By that, Dmetrius Conley-Williams meant 1996, the first year that Maler’s Commonwealth Shakespeare Company staged the Bard outdoors. Conley-Williams, then 24, played Lysander in the inaugural show, “A Midsummer Night’s Dream.’’ This summer he’ll play Duke Solinus in “The Comedy of Errors,’’ with 17 performances from July 31 to Aug. 16 on the Parkman Bandstand.
“That first year, there were some old veterans, but mostly there was young, fresh talent,’’ said Conley-Williams. “And there was this anticipation of not knowing what was going to happen. I feel that this year.’’
Maybe that’s because this summer, for the first time since 2002, Maler is staging the production without the help of the Citi Performing Arts Center, formerly the Wang Center for the Performing Arts. After Commonwealth Shakespeare signed a deal to join the Center in 2003, the production’s budget grew from $570,414 in 2004 to nearly $1 million in 2007. But the relationship eventually soured, and Citi Center officials severed ties with Maler and the show after last summer’s “As You Like It.’’
With Maler on his own during an economic collapse, many wondered whether the tradition could keep going.
“Did I think he couldn’t do it? Of course,’’ said actor Larry Coen, a veteran of three Shakespeare on the Common productions. “But from the first time I talked to Steve, it was clear he was determined.’’
Last week, in a hall on the sixth floor of the Tremont Temple Baptist Church, just a block from the Common, Coen and six other actors dove into rehearsal for “The Comedy of Errors,’’ a farce about two pairs of identical twins - two masters and their servants, separated at birth - and the mishaps they experience when they are mistaken for each other.
Maler has set his “Comedy’’ in Miami’s South Beach in the 1930s, complete with musical and dance interludes driven by Latin music. So there were beach balls in the corners of the rehearsal room, meant to eventually be thrown into the crowd. Sitting on a table was a model of the set: a board walk backed by angled blue walls made of steel and plexiglass, with an Art Deco look inspired by the South Beach skyline.
“Start with the donkey,’’ said Maler, who was moving slowly, having hurt his back just before rehearsals started.

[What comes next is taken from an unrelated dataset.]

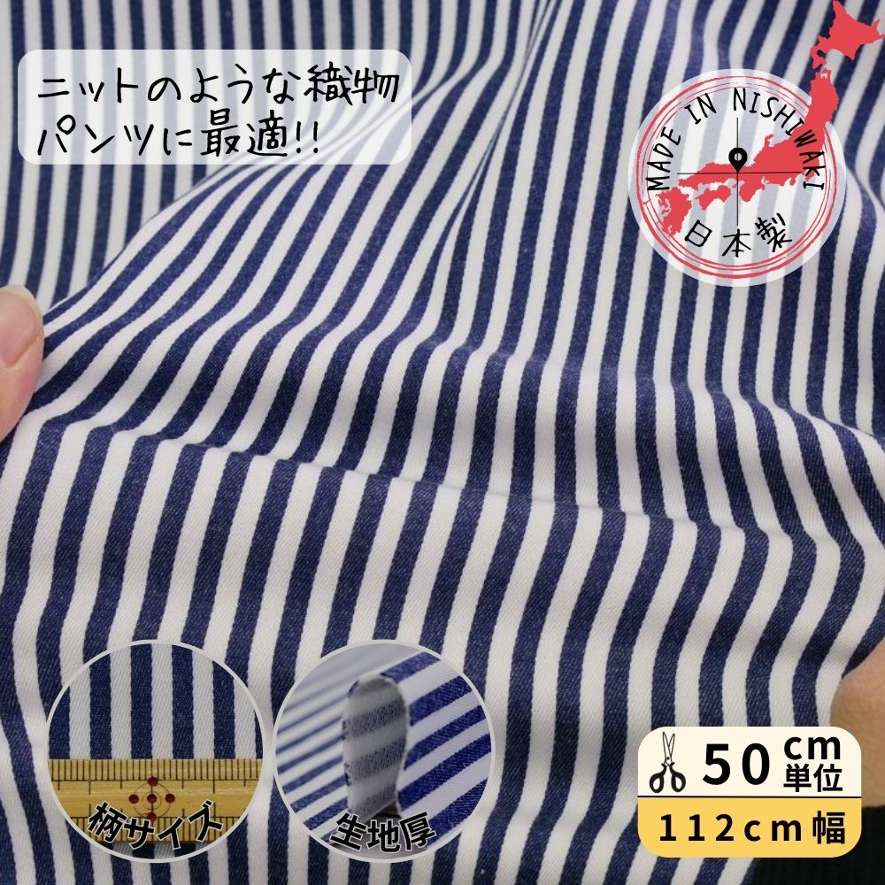 ニットのような織物 ストレッチ性あり 伸びる生地 112cm巾 日本製生地 アウター パンツ ストライプ 手芸 ハンドメイド 50cm単位 カットクロス はぎれ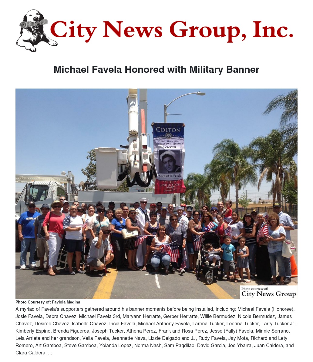 Local Navy Veteran Michael R. Favela was honored by his family, friends, and city of Colton with his very own military banner installation ceremony this past June.

Josh Stamell, playing Antipholus of Ephesus, one of the twins, opened the scene, at one point holding his hands up behind his head to simulate a donkey’s ears as he mocked his servant, Dromio of Ephesus, played by veteran American Repertory Theater actor Remo Airaldi.
Coen, playing the servant Dromio of Syracuse, delivered a series of sharp put-downs as he guarded a house. Then Airaldi stomped across the floor, shouting and charging at the house’s imaginary door.
“Is that too loud?’’ Airaldi asked when his over-the-top performance cracked up the others.
The road to this production began last year, when Maler revived Commonwealth Shakespeare as an independent nonprofit. The company’s founding artistic director, Maler assembled a new board made up of former supporters and new faces, including former lieutenant governor Kerry Healey and Steve Grossman, the former chairman of the Democratic National Committee who recently announced he will be running for state treasurer. Grossman pushed him hard to come up with a workable plan.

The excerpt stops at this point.